RECORDED INFORMATION —
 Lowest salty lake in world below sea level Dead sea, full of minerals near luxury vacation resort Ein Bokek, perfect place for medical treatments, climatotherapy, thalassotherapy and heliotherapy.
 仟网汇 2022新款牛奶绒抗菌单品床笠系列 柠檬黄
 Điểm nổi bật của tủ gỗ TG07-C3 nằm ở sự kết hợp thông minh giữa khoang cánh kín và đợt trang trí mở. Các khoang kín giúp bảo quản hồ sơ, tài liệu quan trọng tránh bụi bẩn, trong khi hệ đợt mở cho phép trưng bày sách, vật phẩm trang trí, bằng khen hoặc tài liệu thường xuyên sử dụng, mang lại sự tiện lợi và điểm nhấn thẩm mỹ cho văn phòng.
---
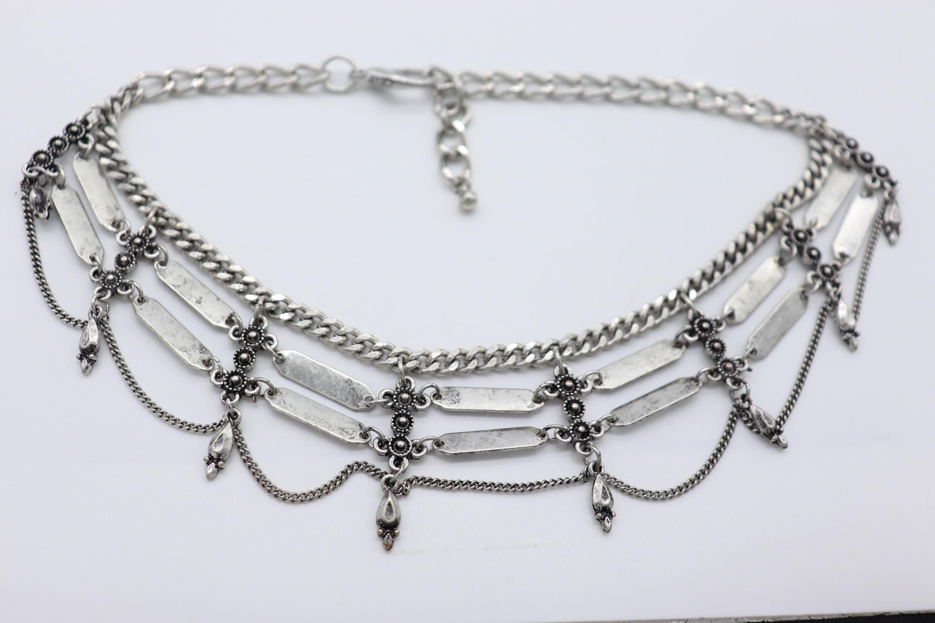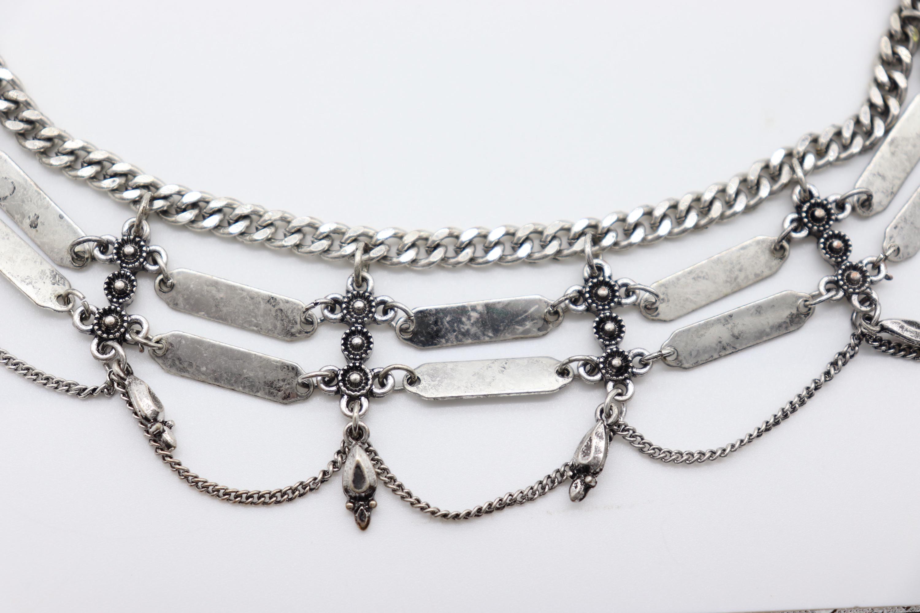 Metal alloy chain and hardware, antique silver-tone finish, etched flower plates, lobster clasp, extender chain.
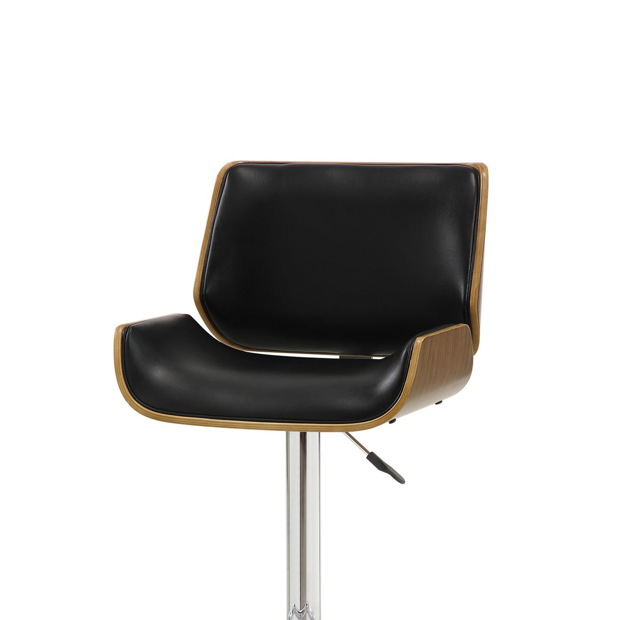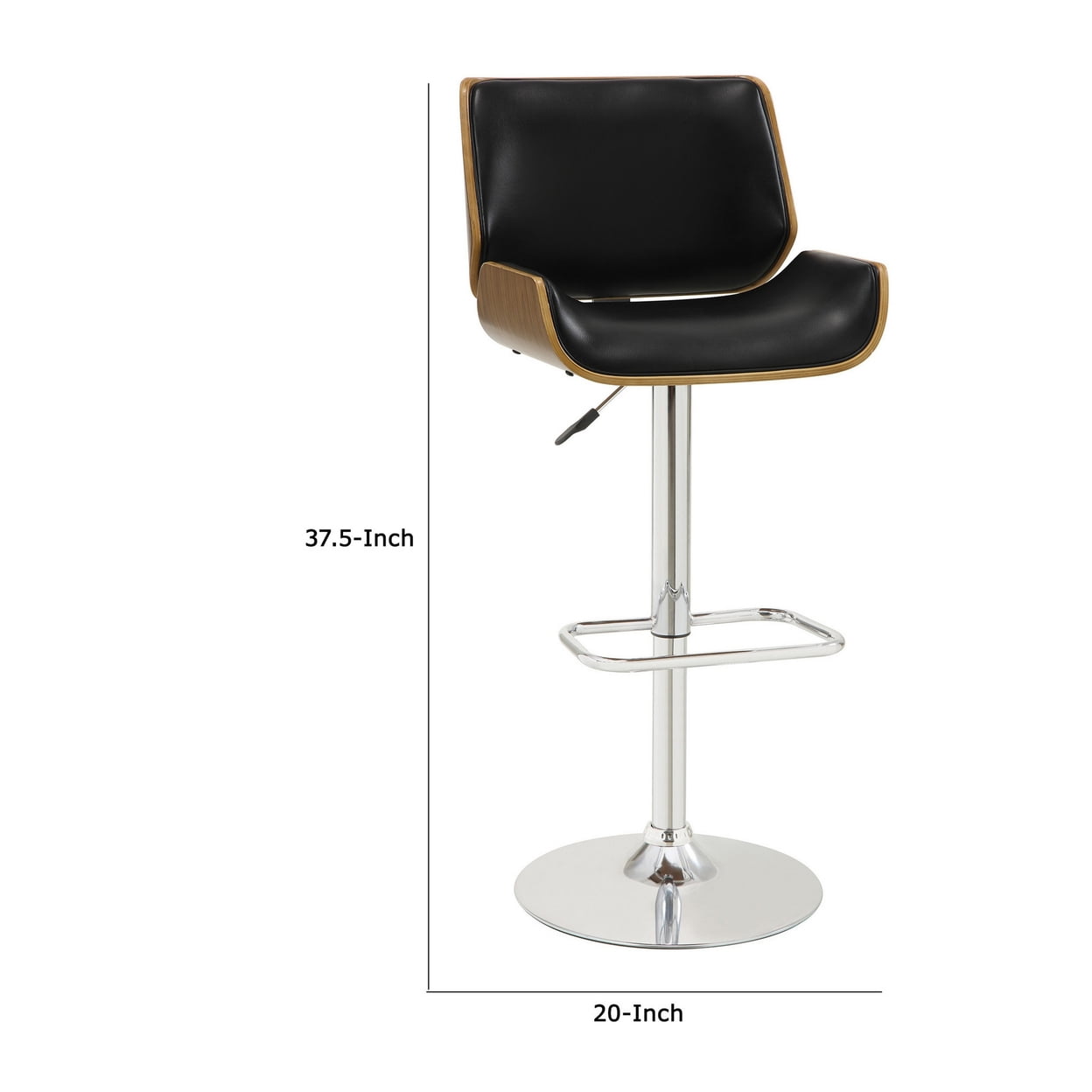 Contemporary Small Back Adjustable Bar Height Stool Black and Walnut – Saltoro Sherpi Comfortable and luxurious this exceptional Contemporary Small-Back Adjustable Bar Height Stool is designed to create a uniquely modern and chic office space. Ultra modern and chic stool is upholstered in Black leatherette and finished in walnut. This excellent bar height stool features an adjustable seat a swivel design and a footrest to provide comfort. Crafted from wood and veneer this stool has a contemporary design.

HOW TO COMPLETE THIS TASK — In the entries above, find the line with "Lowest salty lake" and the line with "仟网汇 2022新款牛奶绒抗菌单品床笠系列 柠檬黄", then restate word for word both of them and every line between, with nothing more.

YOUR SOLUTION —
 Lowest salty lake in world below sea level Dead sea, full of minerals near luxury vacation resort Ein Bokek, perfect place for medical treatments, climatotherapy, thalassotherapy and heliotherapy.
 仟网汇 2022新款牛奶绒抗菌单品床笠系列 柠檬黄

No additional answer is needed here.